Stock-Based Compensation. When evaluating the performance of its consolidated results, ArcSight does not consider stock-based compensation charges. Likewise, the ArcSight management team excludes stock-based compensation expense from its operating plans. In contrast, the ArcSight management team is held accountable for cash-based compensation and such amounts are included in its operating plans. Further, when considering the impact of equity award grants, ArcSight places a greater emphasis on overall stockholder dilution rather than the accounting charges associated with such grants.
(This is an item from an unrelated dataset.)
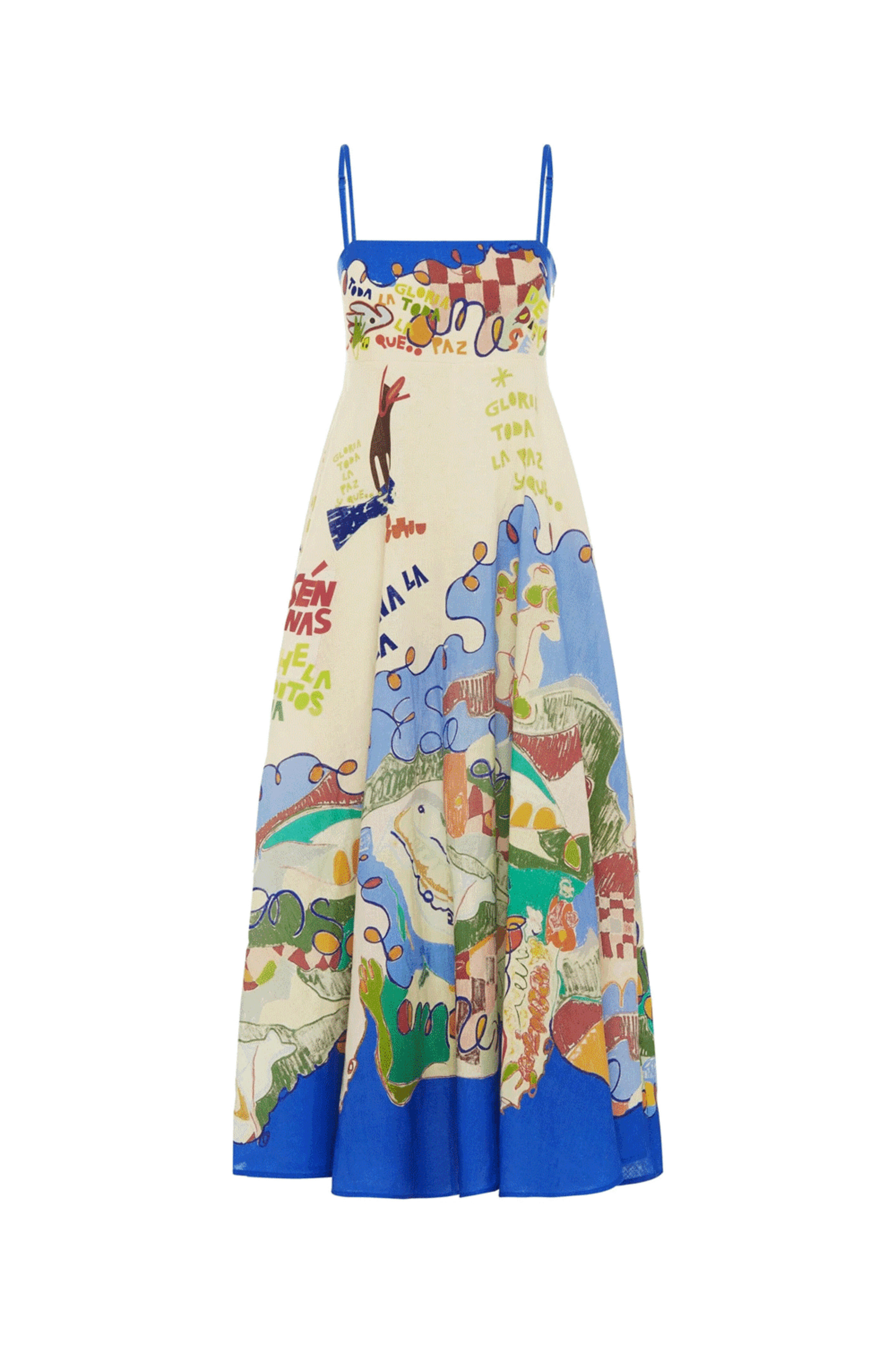 Alemais Multi Nadia Sundress. Square neckline. Sleeveless. Side seam pockets. Full length. Empire waist. Smocked back panel. Invisible side zipper. 100% linen.

ArcSight believes it is useful to provide a non-GAAP financial measure that excludes stock-based compensation in order to better understand the long-term performance of its business. In addition, given its adoption of SFAS 123R, “Share-Based Payment,” beginning in its fiscal year 2007, ArcSight believes that a non-GAAP financial measure that excludes stock-based compensation will facilitate the comparison of its year-over-year results.